## Description of the task
Could you output exactly the lines running from the one containing "やや太めのラペル、コバのステッチ、バルカポケット。" to the final line of the listing below, leaving out pictures?

----- Given material

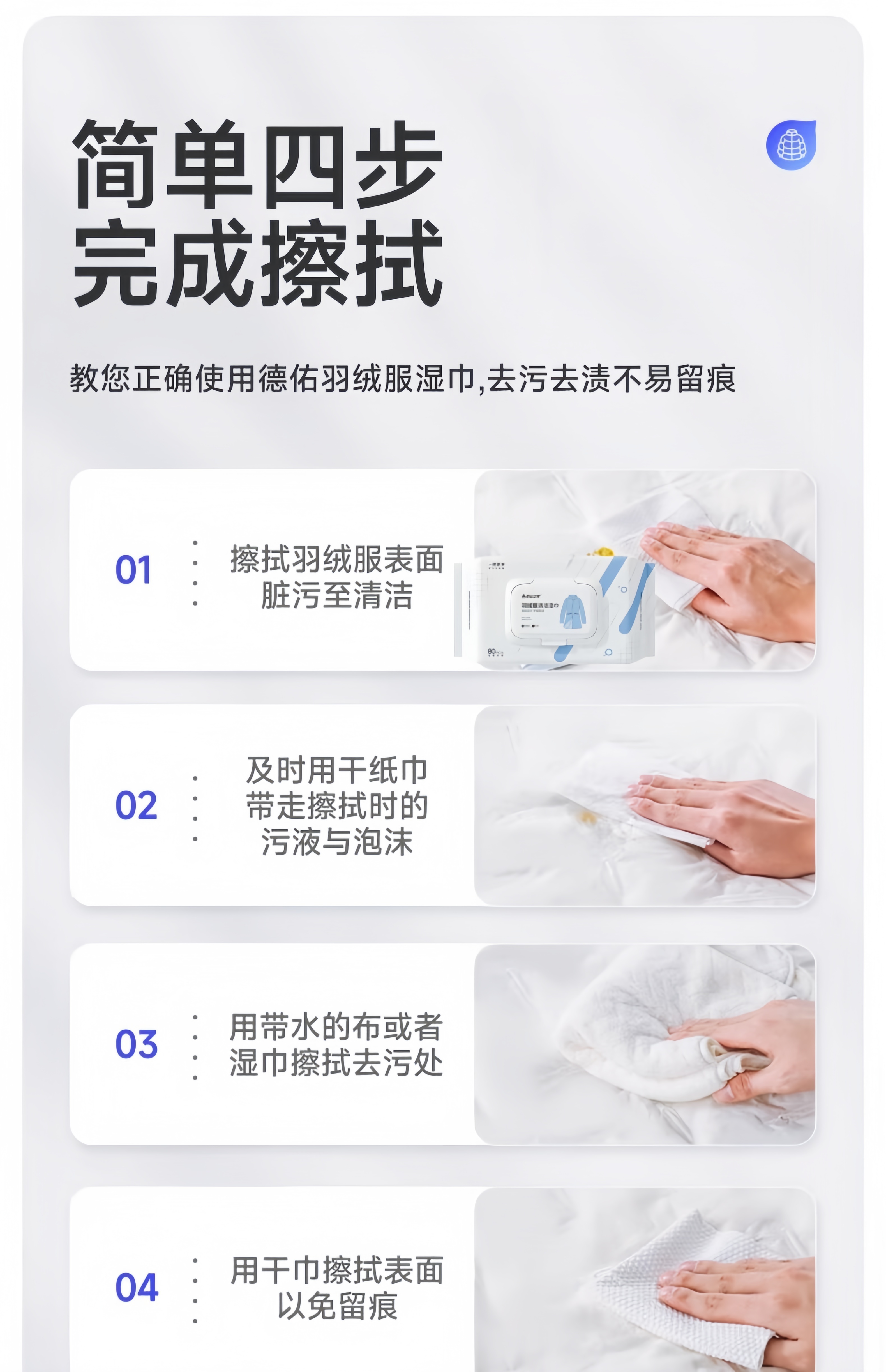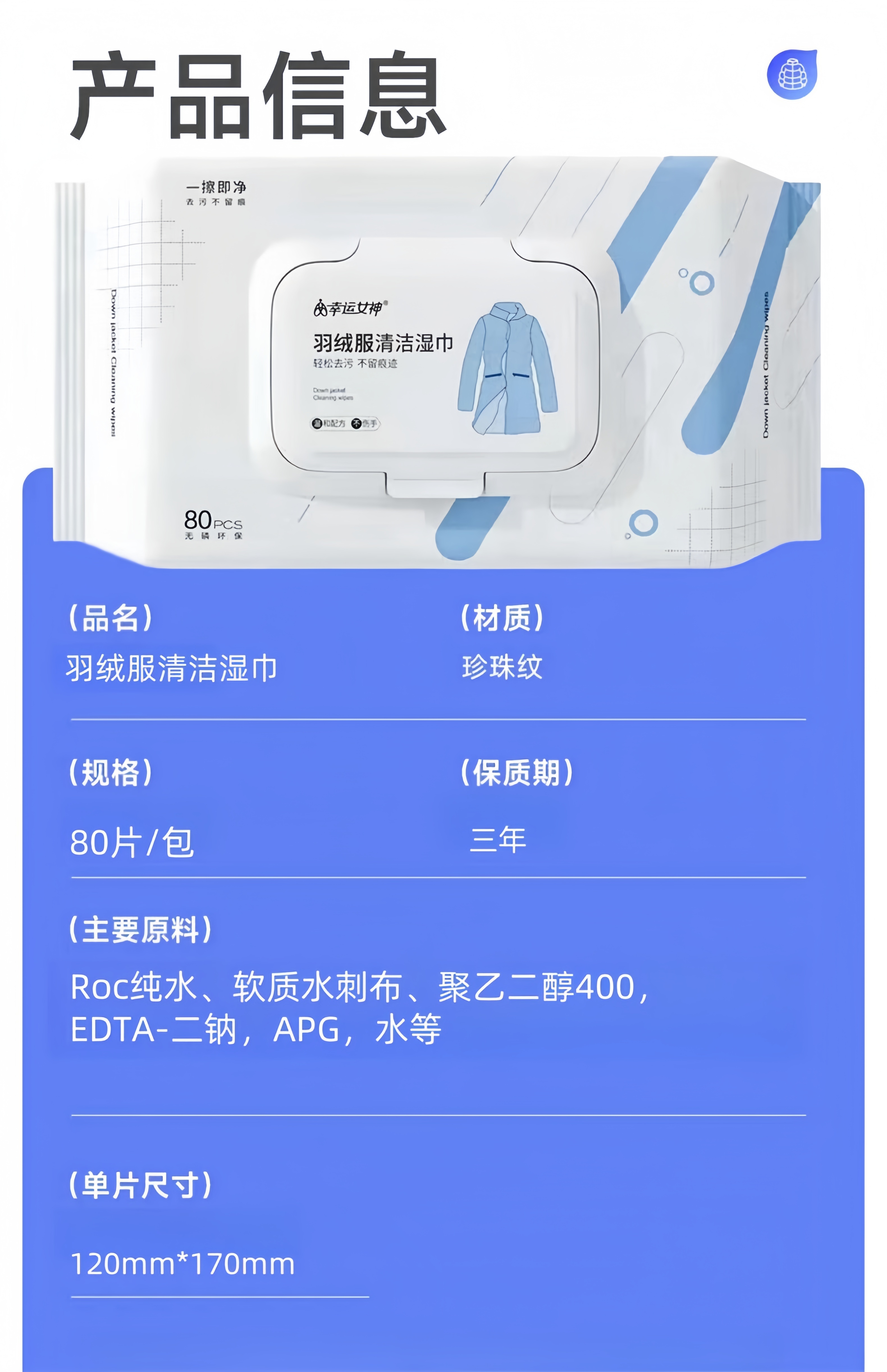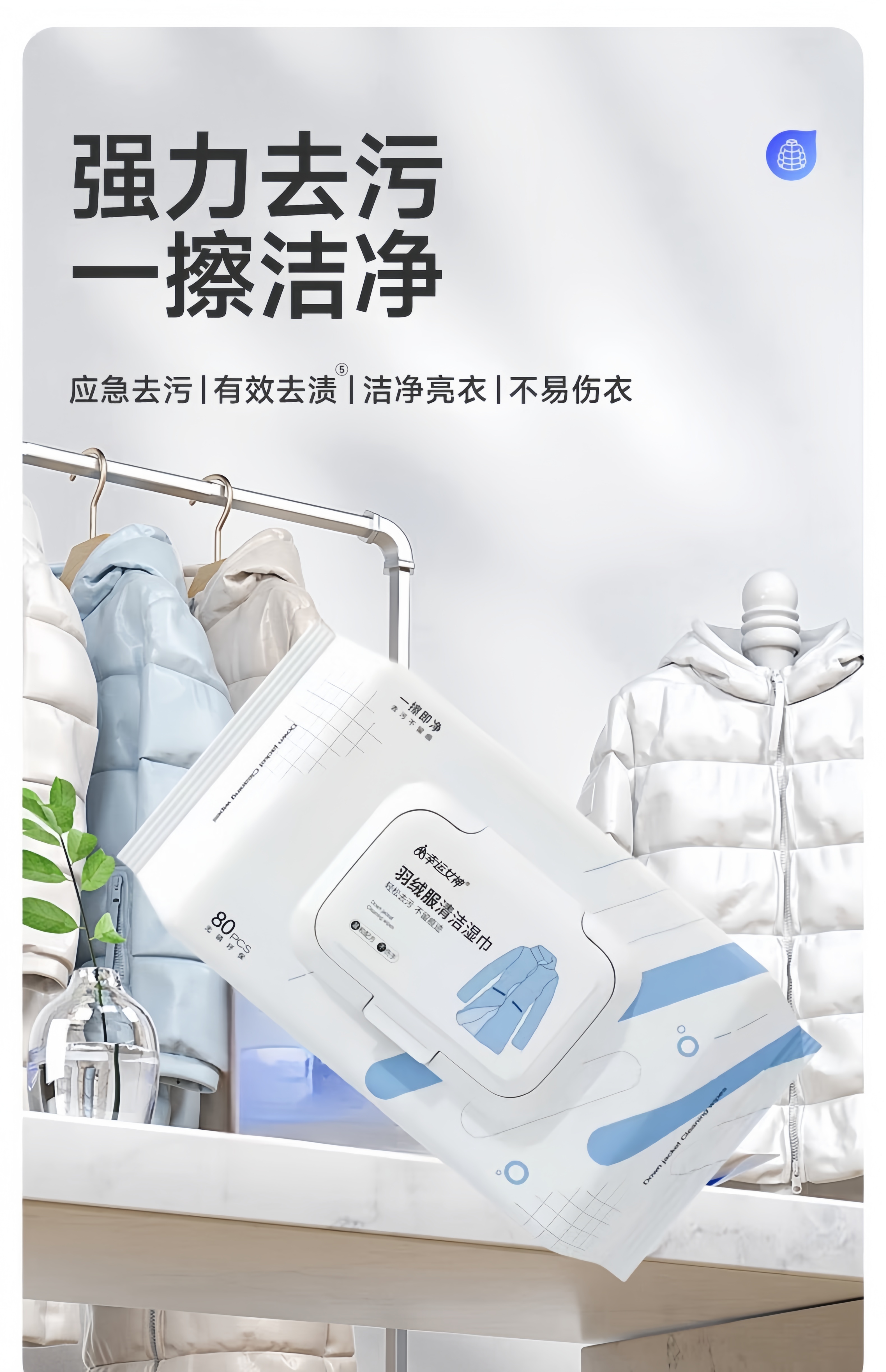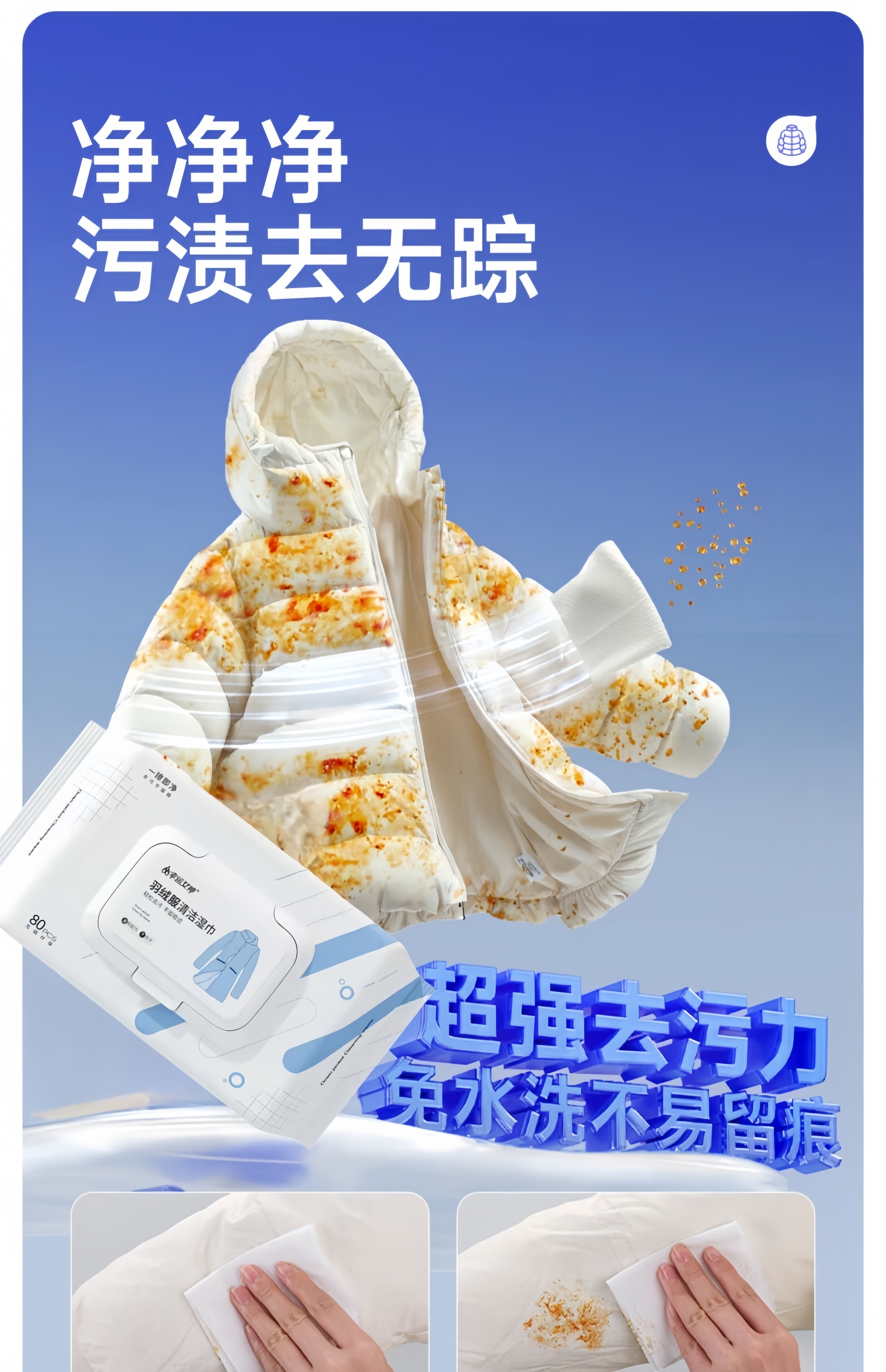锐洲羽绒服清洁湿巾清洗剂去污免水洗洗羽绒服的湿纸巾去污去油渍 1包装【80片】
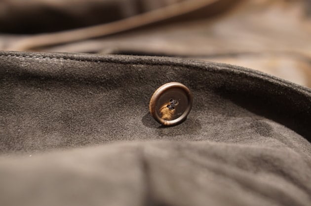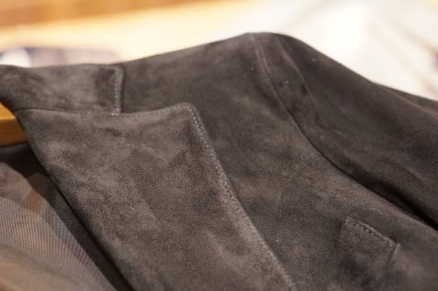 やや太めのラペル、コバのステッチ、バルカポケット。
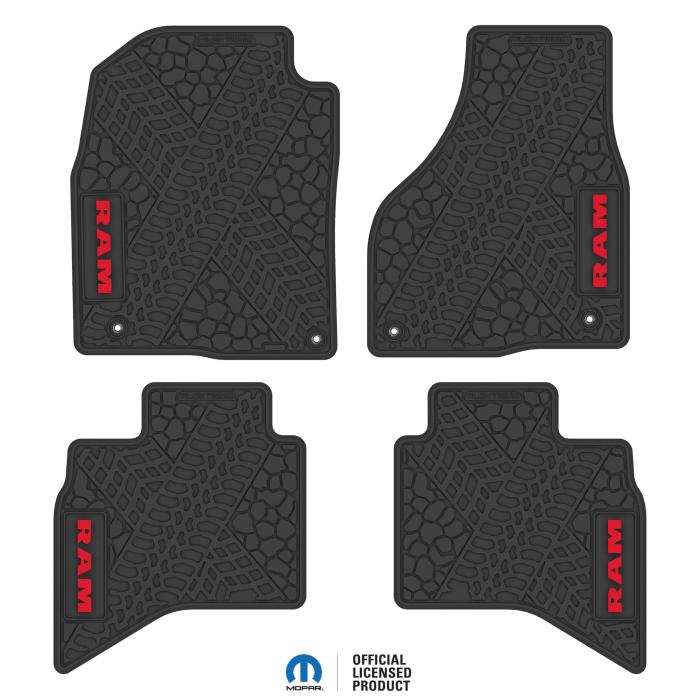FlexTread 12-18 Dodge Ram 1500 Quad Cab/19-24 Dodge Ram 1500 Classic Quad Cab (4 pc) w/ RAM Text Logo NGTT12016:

----------

## Solution
 やや太めのラペル、コバのステッチ、バルカポケット。
FlexTread 12-18 Dodge Ram 1500 Quad Cab/19-24 Dodge Ram 1500 Classic Quad Cab (4 pc) w/ RAM Text Logo NGTT12016:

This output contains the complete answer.